Edie Essex Barrett, London Trainee solicitor, contributed to the drafting of this alert.
MoFo’s global National Security Group has extensive first-hand experience navigating foreign investment regimes all over the world, including in the United States, Germany, Japan, China, and the UK (both in relation to the NSIA and under the old Enterprise Act regime).
For background on the UK’s foreign investment screening regime, please see some of our previous alerts:
[1] See: UK pledges greater transparency of how it scrutinizes deals (FT, 2 April 2023) and see also
[2] See: Memorandum of Understanding on scrutiny of the Investment Security Unit (23 March 2023).

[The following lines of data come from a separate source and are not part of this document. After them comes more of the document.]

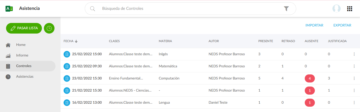 Cuando un profesor o administrador pasan lista, entonces se genera un control de asistencia. El profesor y administrador podrán consultar los controles sobre los que tienen visibilidad, editarlos, ver los detalles o eliminarlos.
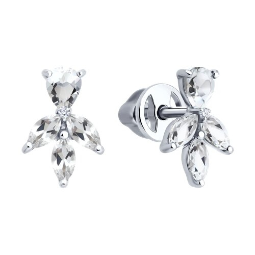 Серьги пусеты золотые пробы 585 с горным хрусталем SOKOLOV 72-00494-3
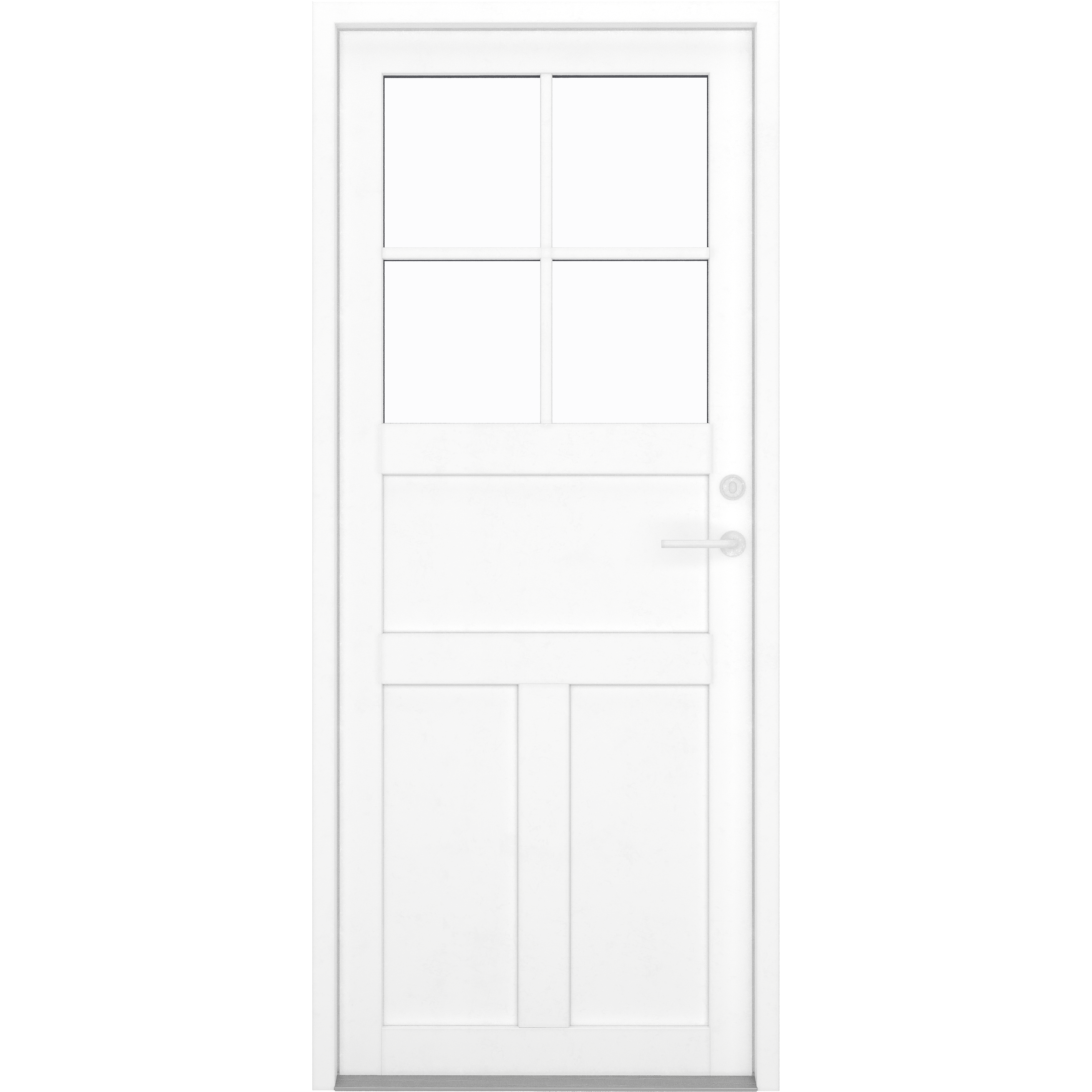 Upptäck den perfekta kombinationen av stil och funktionalitet med våra ytterdörrar - 3 fyllningar 4 rutor i vit färg. Denna eleganta dörrmodell är inte bara en vacker välkomnande entré till ditt hem, utan även en pålitlig skyddande barriär. Med sitt moderna och tidlösa utseende passar den utmärkt i alla typer av hem. Den vita kulören ger ett fräscht och ljust intryck, vilket förstärker ditt hems design och skapar en inbjudande atmosfär. Våra ytterdörrar är konstruerade med högkvalitativa material och erbjuder både dubbel- och trippelglas, vilket säkerställer en god isolering och energibesparing. Välj våra eleganta ytterdörrar för en trygg och stilren entré som imponerar på alla besökare!
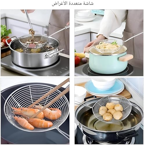 - مصفاة العنكبوت المصنوعة من الفولاذ المقاوم للصدأ مقاس 15 بوصة هي أداة المطبخ المثالية للقلي العميق وتصفية الأطعمة المفضلة لديك، بما في ذلك البطاطس المقلية والأسماك المخفوقة والدجاج المقلي واللحوم والخضروات المختلفة. يحمي مقبضها الطويل يديك من الرشاشات، مما يضمن طهيًا آمنًا حتى مع الزيت الساخن، مما يجعلها ضرورية لأي متحمس للطهي يحب تحضير الأطعمة المقرمشة.

[3] Based on the NSIA Annual Report 2022, the total number of notified transactions between 4 January 2022 and 31 March 2022 was 222. Assuming that the rate of notifications has continued at a relatively constant rate since then, we have estimated the number of notified transactions to be approximately 1,000 as at the end of Q1 2023. See the Annual Report 2022 (June 2022).

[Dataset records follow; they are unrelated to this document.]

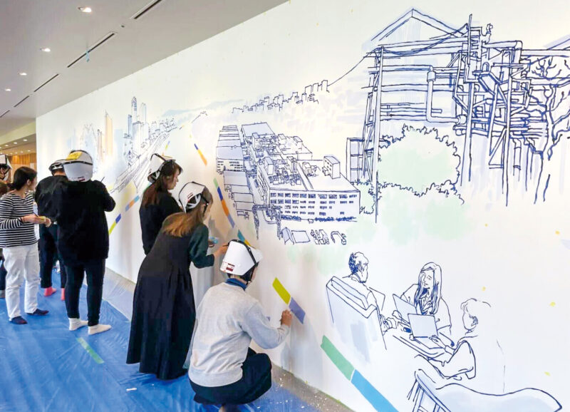 プロジェクトの一例を挙げると、NEC玉川事業場(川崎市)では、3組のアーティストと30人の社員がチームに分かれ、三つの壁画を作りました。半年ぐらいかけてアーティストと社員がワークショップを重ね、NECのどんな側面をアートにしたいかや、アーティストのスタンスについて話し合いながら進めました。「参加して良かった」「自社への印象が変わった」などの声が多く、個展を見に行くなどの交流が今も続いているそうです。
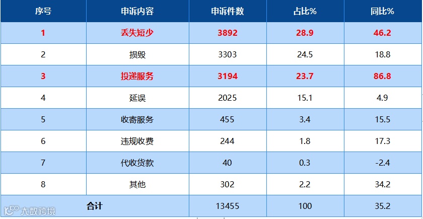 根据国家邮政局公布的数据:5月份,国家邮政局和各省(区、市)邮政管理局通过“12305”邮政业用户申诉电话和申诉网站共处理涉及快递服务问题的申诉13455件,环比下降24.3%,同比增长35.2%。
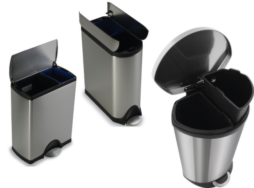 "metaDescription": "Edelstahl-Tretabfallbehälter mit 2 Sammeleinheiten - in verschiedene Ausführungen",
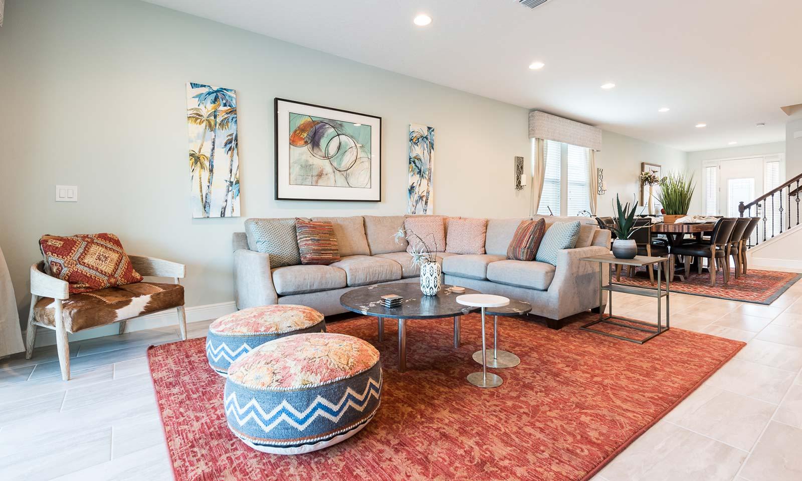 Main Living Area:Spacious comfortable seating area with a sectional and accent chair overlooking the private pool deck through sliding glass doorsPowder room is located downstairs Laundry room is located upstairsKitchen:Fully equipped with a white granite 4 seat breakfast bar, island with 2x additional seatsRefrigerator/freezer, oven, microwave, 2x dishwashers, coffee maker, toaster, blenderAll utensils, cookware, dinnerware, glasswareDining:Table seats 10 peopleEntertainment:Each bedroom is furnished with a flat screen TV and access to complimentary WiFiMain living area has a large flat screen TVGames room has a Foosball, ping pong table, and basketball shooting gameUpper floor loft area has a comfortable sectional, large flat screen TV with a PS4 video game console, air hockey tableOutdoor Living Space:Extra large, private swimming pool and spillover spa (optional heating for an additional fee)6x sun loungers, 4x seat patio table, 6x seat patio table, outdoor sofa with 2x patio chairsBuilt in summer kitchen with grill

[4] Former Secretary of State for BEIS, Grant Schapps has stated publicly, that there had been around 100 call-ins as at November 2022. Assuming that call-ins have continued at a relatively constant rate since then, we estimate that there have been up to 150 call-ins as at the end of Q1 2023.
[5] See: Notice of Final Order: Acquisition of David Brown Santasalo SARL by Stellex Capital Management LLC via its subsidiary Gear Bidco SARL (22 February 2023).

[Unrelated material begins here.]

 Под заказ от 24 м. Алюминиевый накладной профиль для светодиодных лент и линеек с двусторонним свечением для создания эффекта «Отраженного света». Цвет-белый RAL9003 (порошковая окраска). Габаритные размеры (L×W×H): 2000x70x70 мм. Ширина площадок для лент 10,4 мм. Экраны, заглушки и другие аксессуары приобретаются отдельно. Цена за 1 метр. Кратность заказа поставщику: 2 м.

[6] The policies include: The UK’s Science and Technology Framework (6 March 2023), The Integrated Review Refresh 2023 (13 March 2023), The Critical Minerals Refresh (13 March 2023); and The UK’sInternational Technology Strategy (22 March 2023).
[7] Note that only certain elements of the supply chain will fall within the defined mandatory sectors, while certain transaction structures do not give rise to mandatory filing requirements, including share acquisitions of less than 25% in a qualifying entity, or asset/licensing deals.
[8] See CFIUS decision (13 February 2023).
[9] Note that investors from the UK will remain subject to CFIUS jurisdiction where acquiring investments that result in the acquisition of control of a U.S. business. Control of a U.S. business is established where an acquirer obtains the ability to determine, direct or decide important matters impacting an entity, whether such power is exercised or not and can be established even where the investor only obtains a minority shareholding.
[10] For an example of intervention, please see our discussion of calls from members of the U.S. congress in April 2022 for the president of the United States to exert diplomatic pressure on the UK government to secure its intervention under the NSIA in relation to the Newport Wafer Fab/Nexperia Holding BV deal in our November 2022 client alert. An indication of the fact that international collaboration will likely continue is contained in the U.S. Department of Treasury’s press release (10 February 2023).